Please provide an offload_folder
model = AutoModelForCausalLM.from_pretrained(MODEL_NAME, device_map='auto')
ValueError: The current device_map had weights offloaded to the disk. Please provide an offload_folder for them. Alternatively, make sure you have safetensors installed if the model you are using offers the weights in this format.
It says "Please provide an offload_folder" (please specify an offload_folder), but there is a trap that this is not appropriate in the case of "It worked fine earlier, but it stopped working after some trial-and-error.
This is a situation where the GPU and memory are insufficient, so the disk is used to force the system to run, even though it is slow. This is the state of "I don't have enough GPU and memory.
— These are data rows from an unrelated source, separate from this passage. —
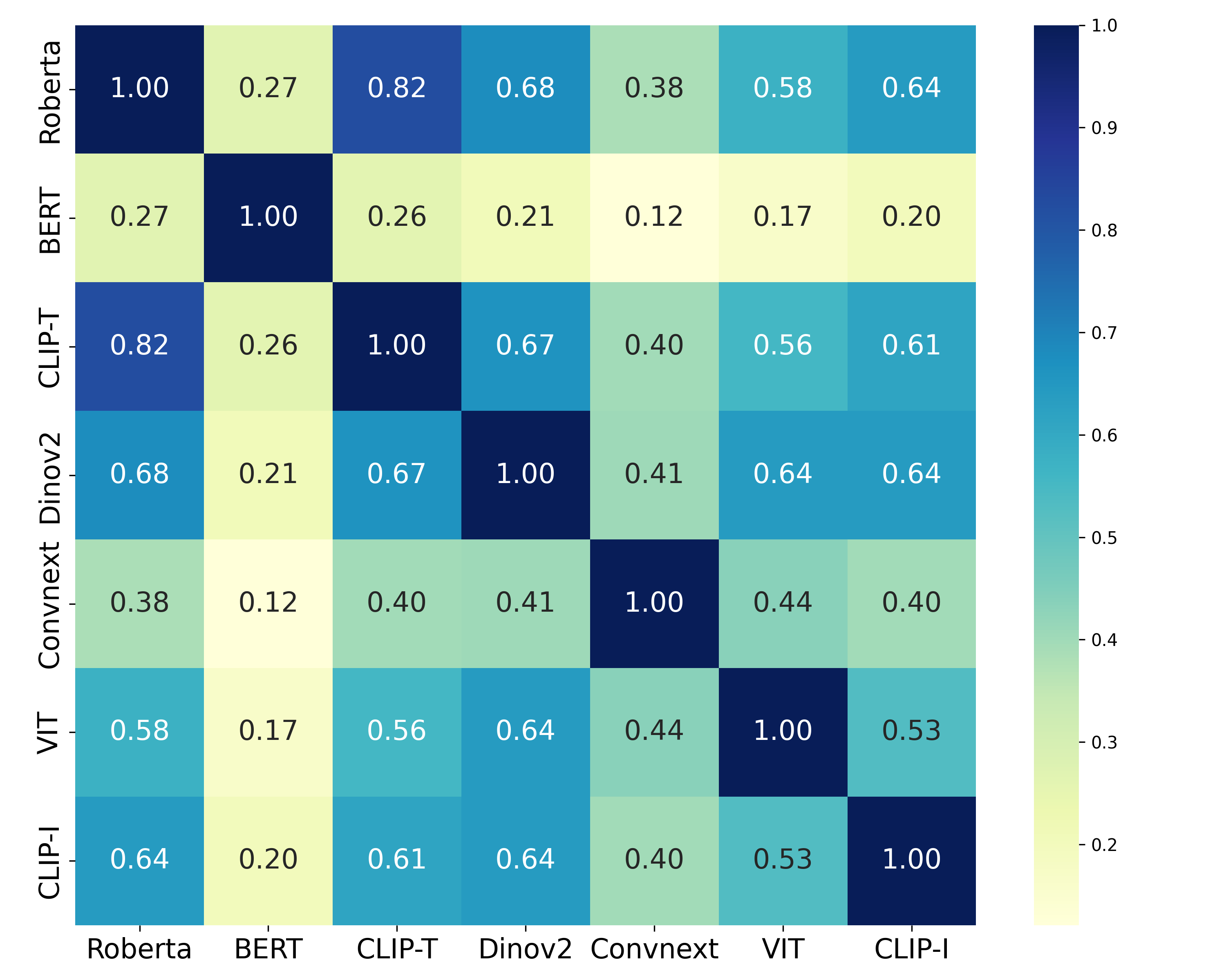 Figure 1. CKA scores between different models computed on MS-COCO and NOCAPS datasets.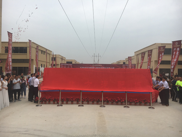 最后,在热烈的掌声中,活动迎来了最重要的揭牌环节,鹿泉区委常委宣传部长石向军先生、鹿泉区副区长、石家庄西北物流产业聚集区管委会主任张森 先生、河北环城国际集团董事长叶少华先生、北方汽配城董事长、河北环城国际集团副董事长卢放先生、河北交通广播总监边宇峰先生河北环城国际集团副董事长李立民先生六位领导携手将 “华北汽车文旅小镇·新北方汽配城”牌匾上的红布缓缓拉下,在声声礼炮的轰鸣下,牌匾在璀璨阳光下闪耀光芒,现场响起了经久不息的掌声,这座承载财富与希望、快速崛起的产业航母初现身姿。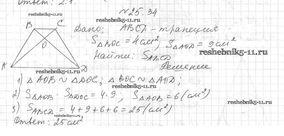 Готовая домашняя работа с ответами по Геометрии за 8 класс Мерзляк, Поляков Учебник Алгоритм успеха Углубленный уровень Вентана-граф 2020 ФГОС - § 25. Площадь треугольника 34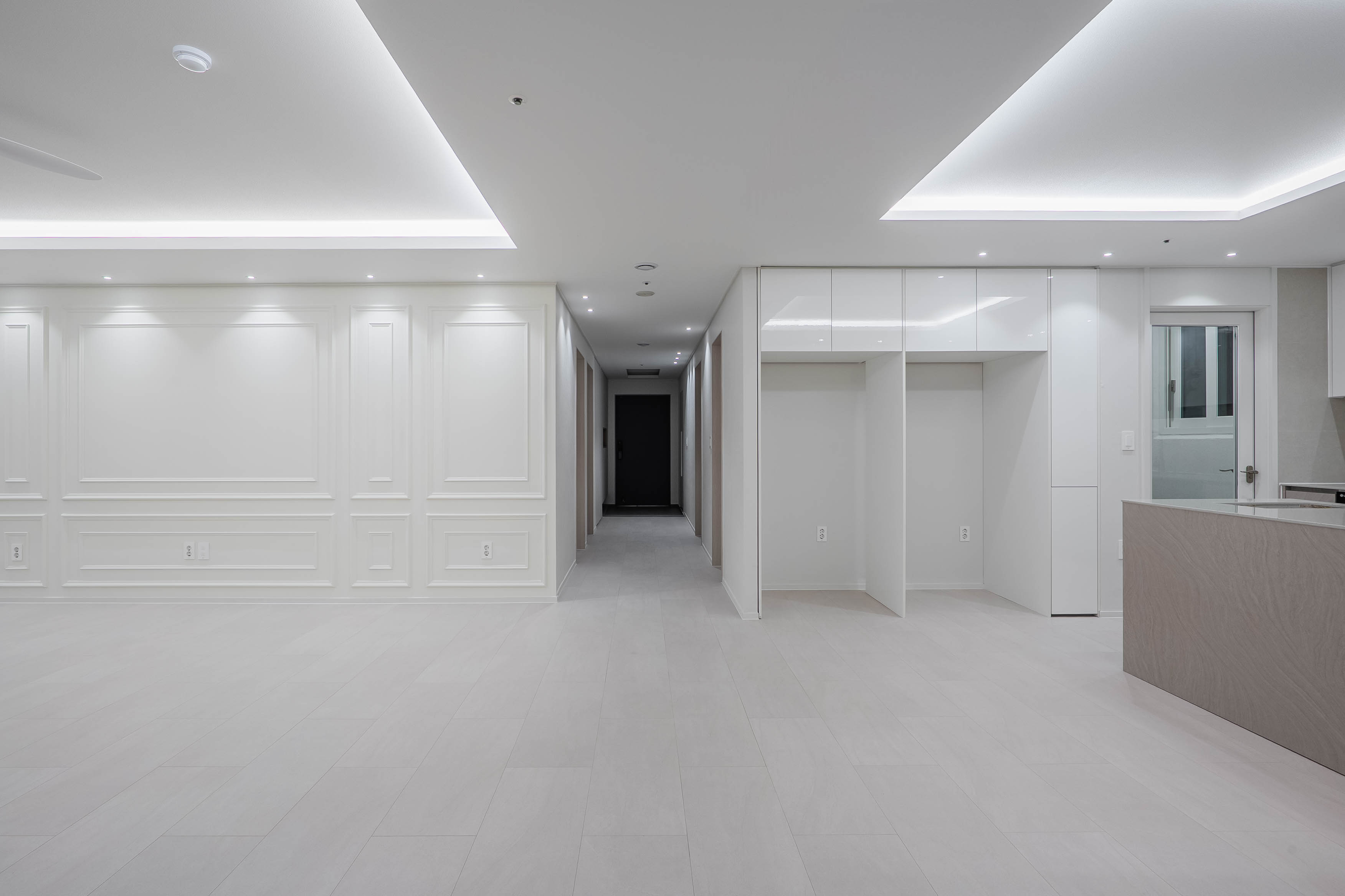 남양주 별내에 위치한 남광하우스토리 46평 아파트 인테리어 입니다. 이국적인 벽체마감과 모던하고 보편적인 국내 주거문화의 정서가 모두 들어가도록 디자인 시공하였습니다. |

The current device_map had weights offloaded to the disk.
And yet no offload destination is specified, so I'm asked, "Where do I put the file?" I'm asked.
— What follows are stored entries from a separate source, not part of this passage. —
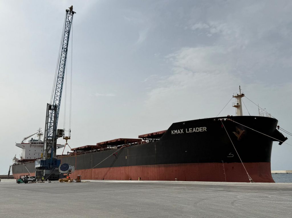 La mercancía ha llegado a bordo del buque KMAX LEADER, el mayor barco de carga general atracado en el muelle de Azucenas hasta la fecha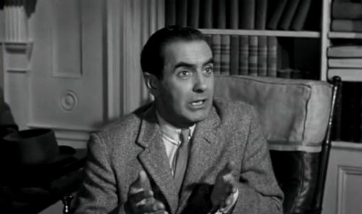 As that paragraph from Ms Christie’s story tells it, the tale is of the trial of Leonard Vole (Power) for the murder of Emily French (Norma Varden). Vole’s solicitor, Mayhew (Henry Daniell) comes with Vole’s case to the crusty old barrister Sir Wilfred Robarts (Charles Laughton, in what I think is one of his best roles). Robarts is initially reluctant to take on the case—he’s just come home after four months of hospitalisation after a heart attack—but eventually agrees.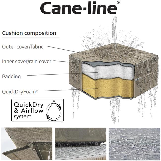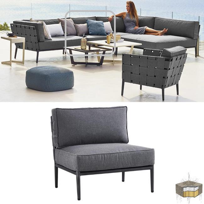 This module was designed to provide extension possibilities together with the other Conic modules. It comes with our new connection system that makes it easy to link the modules together. The single seater chair can be used as a solitaire lounge chair as well and thereby offering great opportunities if one wants to reorganise the way the modules are build together. As the other modules the single module comes with all-weather cushions that are designed for true outdoor living. For optimal draining of rain water, simply put the cushion in a vertical position, and the water will drain. The water will also drain when placed normally, yet the drainage and drying will be slower this way. The conic series is developed with great dedication to creating optimal comfort and details. The cushions are the result of many hours of work and a huge number of prototypes each tested by the designers and the Cane-line design Team. If the Conic modules are used in very humid and cold climates of the northern hemisphere, it is recommended to buy our furniture covers or store the cushions indoor in order to ease the cleaning of them for the new season. The cushions can e.g. be cleaned with a water jet (soft jet) and put in vertical position to dry.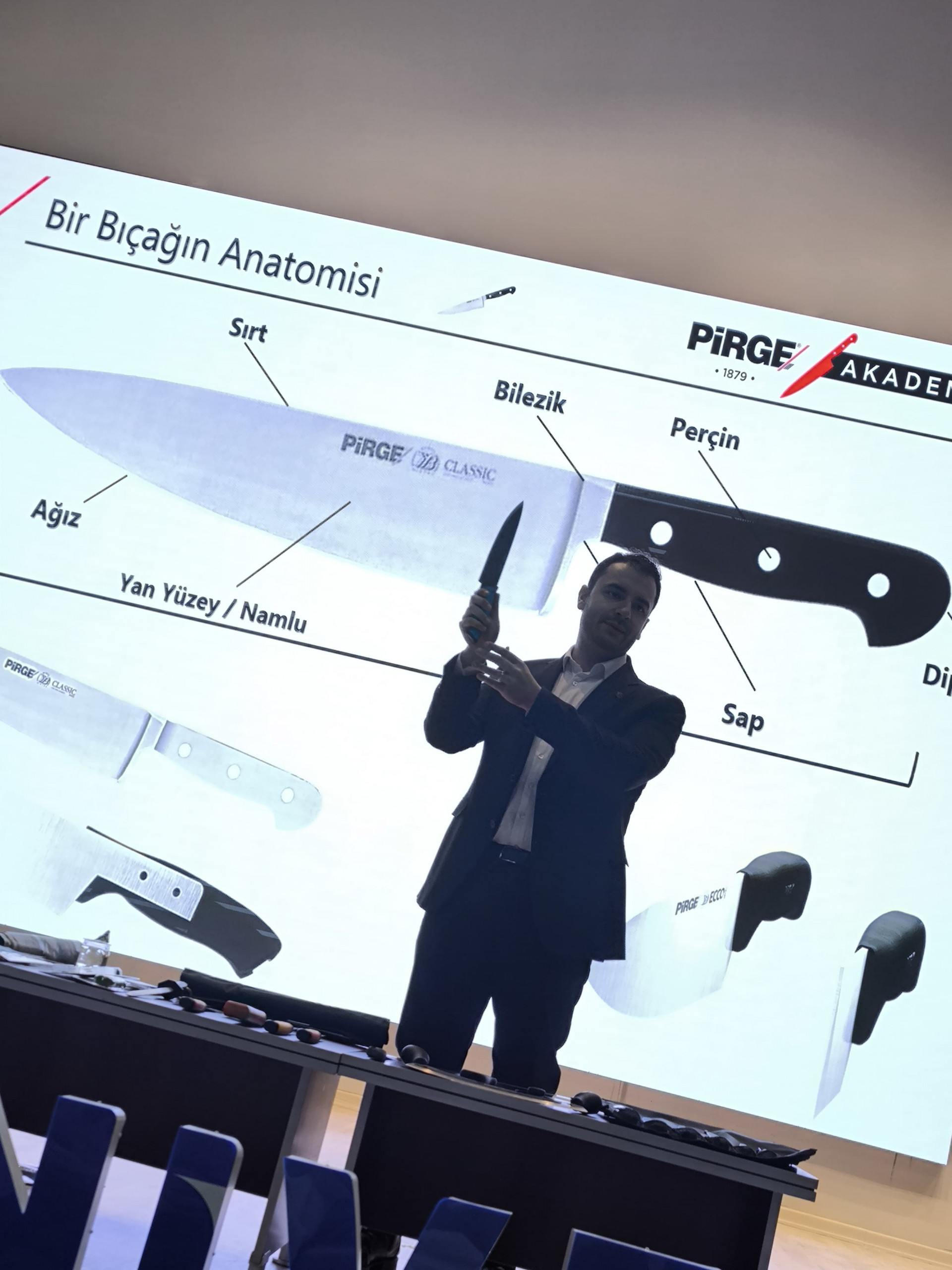 Fakültemiz Gastronomi ve Mutfak Sanatları öğrencileri, profesyonel bıçak kullanımı konusunda Pirge Kurumsal Eğitim Uzmanı Fırat ERBİL'den kapsamlı bir eğitim aldı. Konferans Salonu’nda düzenlenen eğitimde, farklı bıçak türleri, kullanım amaçları ve doğru teknikler hakkında bilgiler verildi.

The auto device_map has led to a state contrary to the user's intention.
Once it is running without specifying offload_folder, there is usually enough GPU memory and no need to offload it.
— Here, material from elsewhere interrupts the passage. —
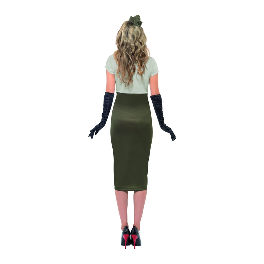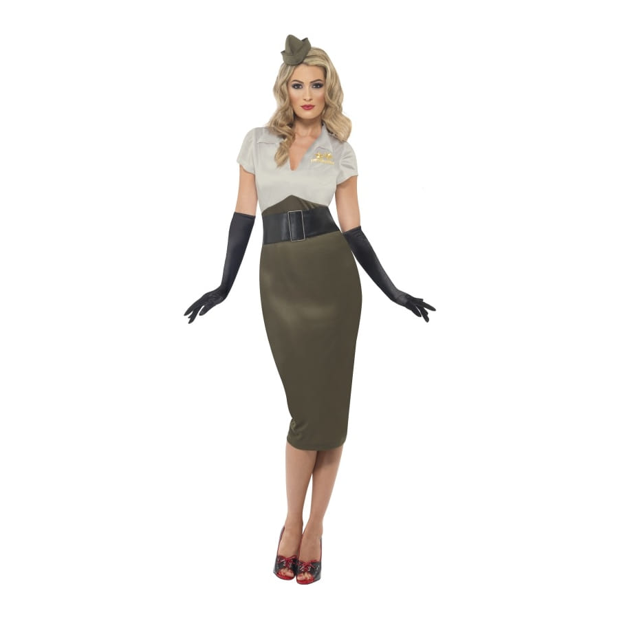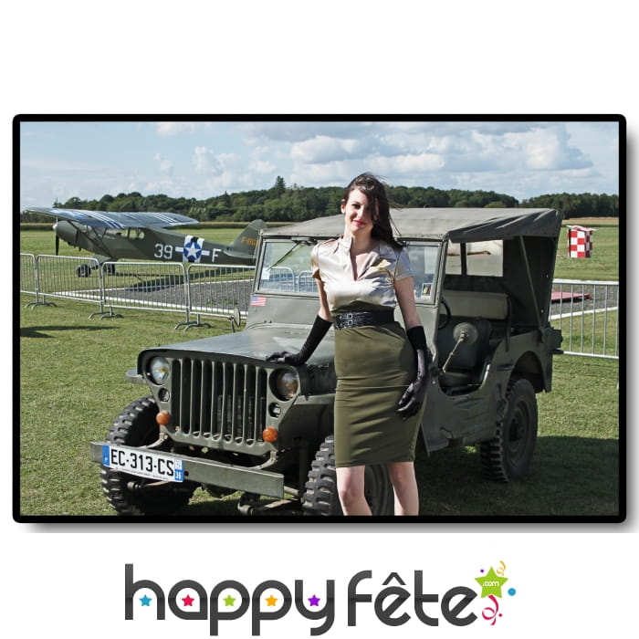 Déguisement de Pin-Up de l'armée, pour femme, composé d'une robe blanche et kaki et d'un chapeau assorti. La robe est également ornée d'une grosse ceinture noire. Elle est disponible en taille S, M, L ou X1. Avec ce style, mi-militaire et mi-pin-up, vous serez sûre de faire tourner la tête à ces messieurs!

So, the root cause of the problem is that "models loaded in the past while you are doing various things are not erased, but remain and are squeezing memory".
In that case, the quick fix is to "restart the runtime.
Silent offloading to memory is occurring before this error occurs.
Counter(model.hf_device_map.values()) is Counter({0: 28, 'cpu': 15}) when it should be Counter({'cpu': 41, 0: 2})`. This is hard to notice.
I didn't notice it either until yesterday, and finally understood it after a lot of observation with the help of hf_device_map.
In this case, garbage remains in the GPU and is packed into the GPU just in time for model loading, so when there are many input tokens in subsequent processing, model.generate may fail with OutOfMemoryError: CUDA out of memory. or model.generate may fail with OutOfMemoryError: CUDA out of memory.. in model.generate.
Some people get into this a lot too.
It's pretty much a waste of time as it moves and dies in the process.
Even if you're lucky enough to move all the way to the end, it's still a waste of time.
Why does this happen when Python has GC?
In the case of model = AutoModelForCausalLM.from_pretrained(MODEL_NAME, device_map='auto')
First, the right-hand side object is generated
The new object is then assigned a name.
GC runs when the reference to that old object becomes invalid.
So the setting "auto-determines resource allocation by looking at the resource status" at the time of object creation on the right side determines offloading to disk by looking at the current memory consumption before the old one is released by the GC.
In addition, it seems that even if GC is done on the Python side, the cache may remain on the CUDA side, so it is easiest to restart the runtime since it is a pain in the ass.
Trying this now.
code:py
model = None
tokenizer = None
torch.cuda.empty_cache()
tokenizer = AutoTokenizer.from_pretrained(MODEL_NAME, use_fast=False)
model = AutoModelForCausalLM.from_pretrained(MODEL_NAME, device_map='auto')
---
This page is auto-translated from /nishio/Please provide an offload_folder using DeepL. If you looks something interesting but the auto-translated English is not good enough to understand it, feel free to let me know at @nishio_en. I'm very happy to spread my thought to non-Japanese readers.